This is criminally long. It will probably leave no space on the internet for anything else. It was published in the magazine of Army Times in 1979. It describes a Parris Island that no longer exists. In fact it describes a world that no longer exists. The thought of some effeminate Sanowflake telling a Marine DI that he needed a Safe Space so he wouldn’t feel uncomfortable, poor darling–well, it just charms me. He would develop a whole new understanding of “uncomfortable.”

Anyway, the piece will resonate with a few Marine old-timers now long in the tooth. Semper fi.

Boot camp. Yawning gateway to military life, an adventure outrageously funny and frightening, source of a lifetime of lies, all growing worse with each bull session. No one forgets boot. Get two GIs together over a bottle of gin, talking about old times, and sooner or later the talk will turn to tales of boot, a few of them true.

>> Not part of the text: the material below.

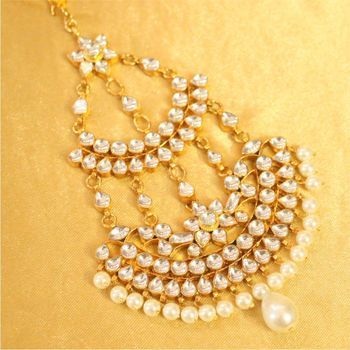 Stone Studded Maang tikkas are very hot on in trend in the category of kundan tikka designs, as they come in numerous designs and styles. One can find a different color of stone and crystals according to their outfits. The beautiful clear Stone Studded kundan tikka jewelry gives you a perfect appeal in your social occasions.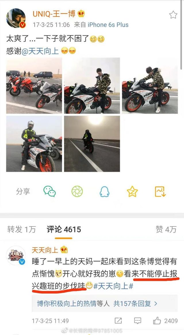 这可把王耶啵兴奋坏了,在这么美丽又开阔的地方骑着大摩托车驰骋是多么惬意的一件事。立马和大摩托来了几张合影,发了微博。

Not many, though. It is all right for most stories to be based on fact, but the better recollections of boot have only a nodding acquaintance with truth. Facts inhibit flexibility. They stultify.

But boot is more than tall tales. It is part of American life. We talk of being a peaceful nation, but usually we have a couple of million men and women under arms and often a war going. A high percentage of Americans spend time in the military. They shape it, and it shapes them.

A particular aspect of the national character appears in the organized anarchy of military life. Literature finds the military a feast — Catch 22, M*A*S*H, A Farewell To Arms, Dispatches, and all the rest. Curmudgeing Through Pa... Fred Reed Best Price: $5.03 Buy New $15.94 (as of 04:50 EDT - Details)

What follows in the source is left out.